[INSTRUCTIONS FOR THE TASK]:
With all images left out, restate the records below exactly as written.

(Records drawn from a dataset)

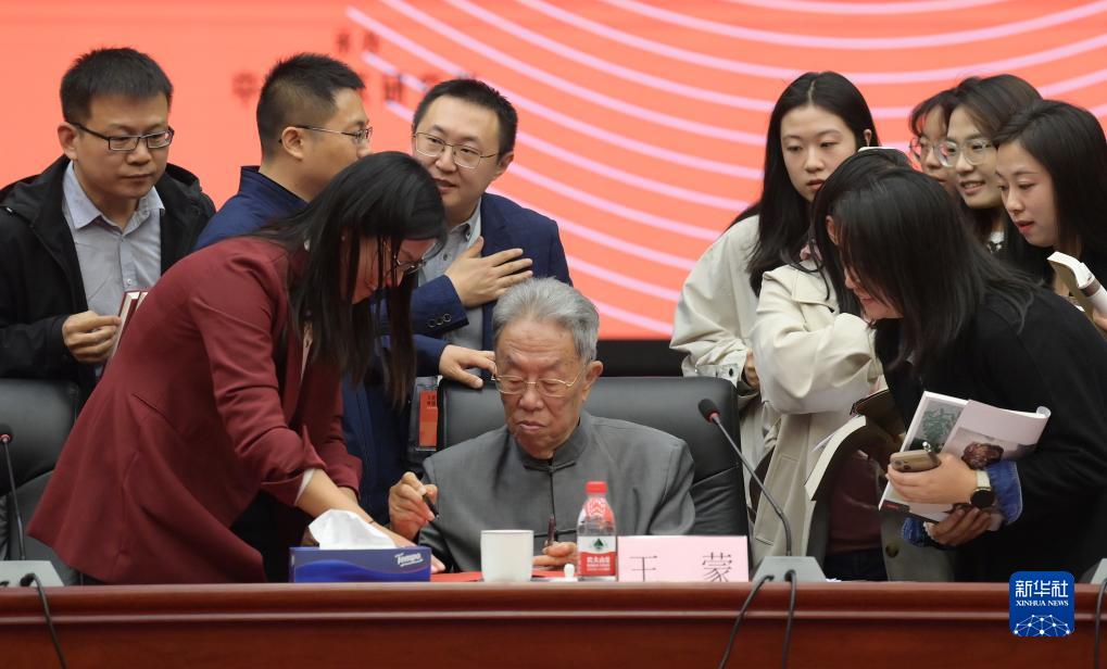 11月1日,文學(xué)愛(ài)好者在會(huì )議休息間隙與作家王蒙(中)交流。
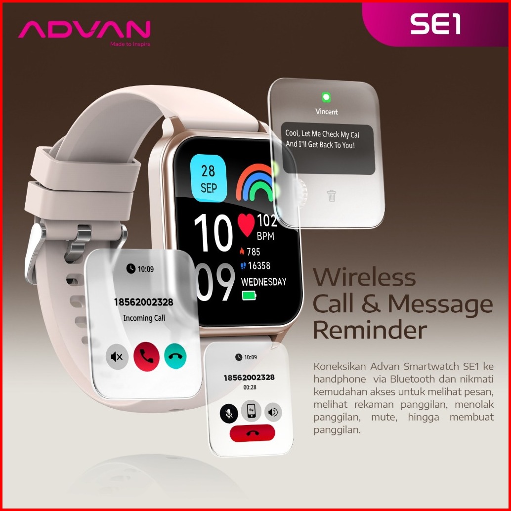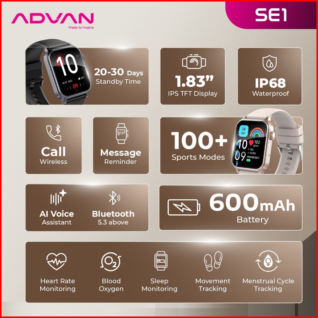 Promo Special Advan Smartwatch Se1 Ips 1.83 Bluetooth Calls Bluetooth 5.2 Ai Voice Assistant 100 Sport Mode Waterproof I
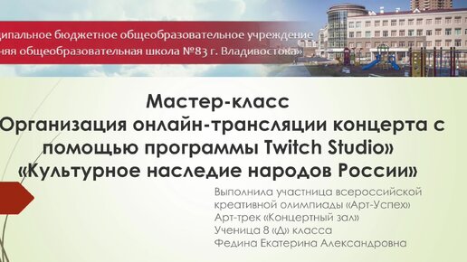 Мастер-класс «Организация онлайн-трансляции концерта с помощью программы Twitch Studio»
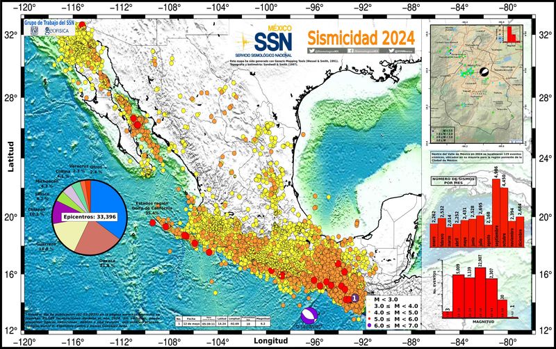 De acuerdo con el Servicio Sismológico Nacional, tan solo en 2024 se registraron más de 25 mil sismos en el país, la mayoría con epicentro en las costas de Guerrero, Oaxaca, Colima y Michoacán.
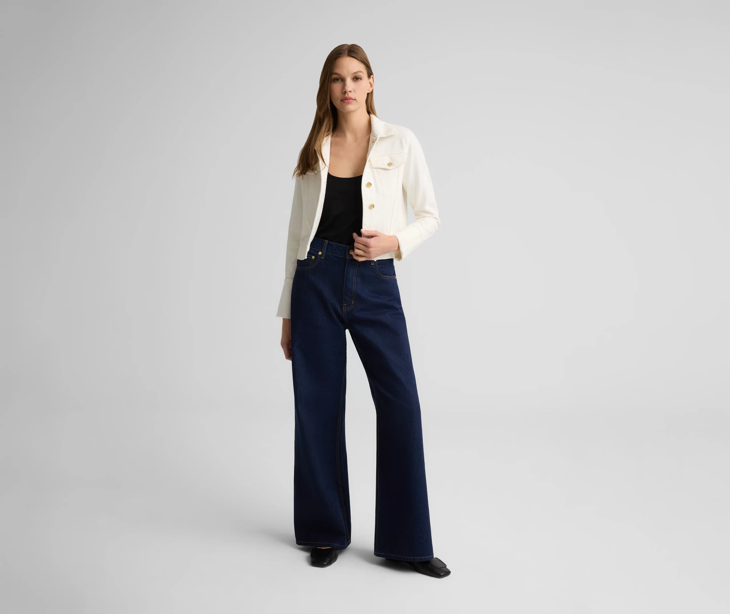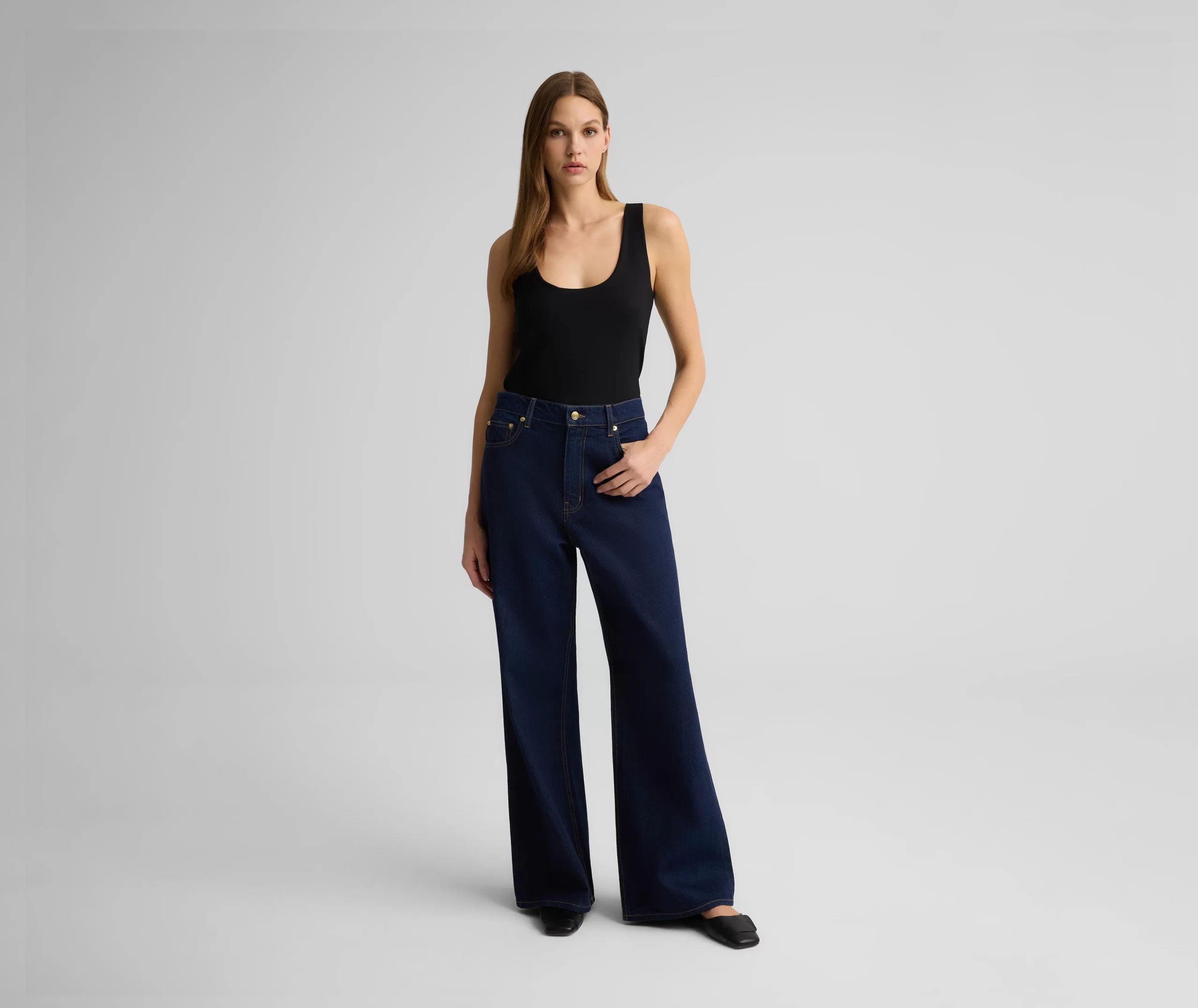 Perhaps the most flattering denim ever, this just-dark-enough wide leg jean is guaranteed to add inches to your silhouette.
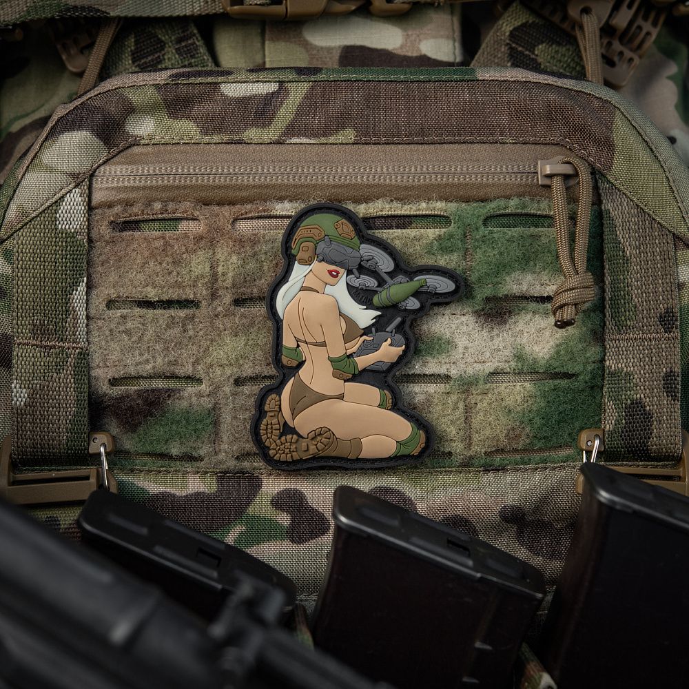 На патчі зображена кокетлива й надзвичайно приваблива дівчина в стилі Pin-Up, що випромінює красу та силу характеру. Вона впевнена та сильна, спокуслива й рішуче налаштована на знищення ворогів. Красуня в спеціальних окулярах майстерно управляє FPV дроном, який несе полум'яний "привіт" окупантам з неба. Операторка зі сталевою рішучістю та снайперською точністю продовжує ефективно знищувати ворожу техніку й живу силу противника.

[EXPECTED OUTPUT]:
 11月1日,文學(xué)愛(ài)好者在會(huì )議休息間隙與作家王蒙(中)交流。
 Promo Special Advan Smartwatch Se1 Ips 1.83 Bluetooth Calls Bluetooth 5.2 Ai Voice Assistant 100 Sport Mode Waterproof I
 Мастер-класс «Организация онлайн-трансляции концерта с помощью программы Twitch Studio»
 De acuerdo con el Servicio Sismológico Nacional, tan solo en 2024 se registraron más de 25 mil sismos en el país, la mayoría con epicentro en las costas de Guerrero, Oaxaca, Colima y Michoacán.
 Perhaps the most flattering denim ever, this just-dark-enough wide leg jean is guaranteed to add inches to your silhouette.
 На патчі зображена кокетлива й надзвичайно приваблива дівчина в стилі Pin-Up, що випромінює красу та силу характеру. Вона впевнена та сильна, спокуслива й рішуче налаштована на знищення ворогів. Красуня в спеціальних окулярах майстерно управляє FPV дроном, який несе полум'яний "привіт" окупантам з неба. Операторка зі сталевою рішучістю та снайперською точністю продовжує ефективно знищувати ворожу техніку й живу силу противника.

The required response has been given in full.